Lightning is striking again
Lightning is striking again and again and again and again
Lightning is striking again and again and again and again

Songwriters: Lou Christie / Twyla Herbert
Lightnin’ Strikes lyrics © Universal Music Publishing Group, Sony/ATV Music Publishing LLC

15 thoughts on “♫ Lightnin’ Strikes ♫

  1. Jill, thanks for pointing out the misogyny in the song lyrics. “Live by my rules…,” for example. It tickles me when I hear the song “Love the one you’re with,” by Stephen Stills. Being a man, I can infer from Stills’ song that what he is really saying is it is OK for me to “love the one you’re with,” but not you. Keith

    Liked by 1 person

          • Haha! I grew up on R&B, soul, the Beatles, and American Bandstand. Rock and Woodstock came later. The Who, Stones… Our son begged me for my original Woodstock album. I caved and gave it to him. I remember my Bakelite radio when I was in junior high, where I could get the New York stations at night and listen to the good music black groups were doing. In college, the best groups played at the gym on college campuses. Hard to imagine. Iron Butterfly, Chicago … great list. Thank you, Jill. Sorry for the ramble. 🙂


  2. What is there to say.
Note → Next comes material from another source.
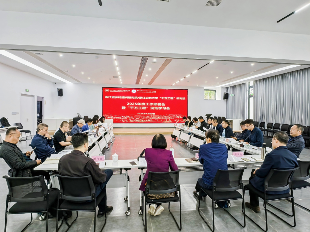 4月20日,浙江省乡村振兴研究院(best365手机版官方网站“千万工程”研究院)2025年度工作部署会暨“千万工程”现场学习会在指南村召开。研究院院长沈月琴,首席专家、副院长张俊飚,执行院长潘伟光,副院长尹国俊,方向带头人、主任(所长)和副主任(副所长)、研究人员代表等30余人参加了会议。沈月琴、潘伟光、张俊飚、尹国俊分别主持会议。

Boys were brought up to “sow their wild oats” in those days (yes, many still are today too!) and “good girls” were brought up to save themselves for marriage. I am proud to be part of the first generation to openly challenge those fictions. Yes there were pregnancies along the way, and a lot of “love children” were born (none mine, though there was one abortion forced by her parents), but girls openly learned to enjoy sex as much as the boys, and I don’t know many who regretted enjoying it.
    This song was from before the sexual revolution, and that the singer expected a girl to wait for him while he screwed around was a total downer. (One girl actually told me to do just that, but I didn’t believe her. I stayed committed to her, but eventually the sexual tension grew too strong, and rather than commit a sin she threw me away. She was married to a “nice” man a year later who her parents brought over from the old country. I never heard for sure how that turned out, but I heard rumours. I was not happy.)
    Anyway, enough confessions, but I did not like this song! However, it certainly was the product of an era. And I am glad that era is mostly behind us.


    • I’m glad you liked it, Patty!!! Good to see you … I’ve missed your comments! How’s it going down there? Yes, I’m relatively well, for an old biddy who spends 90% of her time in the dark world of today’s politics 😉


  3. It’s a great song, Jill! I was 15 when the song hit #1 that February, and honestly the lyrics didn’t fizz on me. You are so right that most of us have come a long way since the rampant misogyny of the 1960s. I still like the music!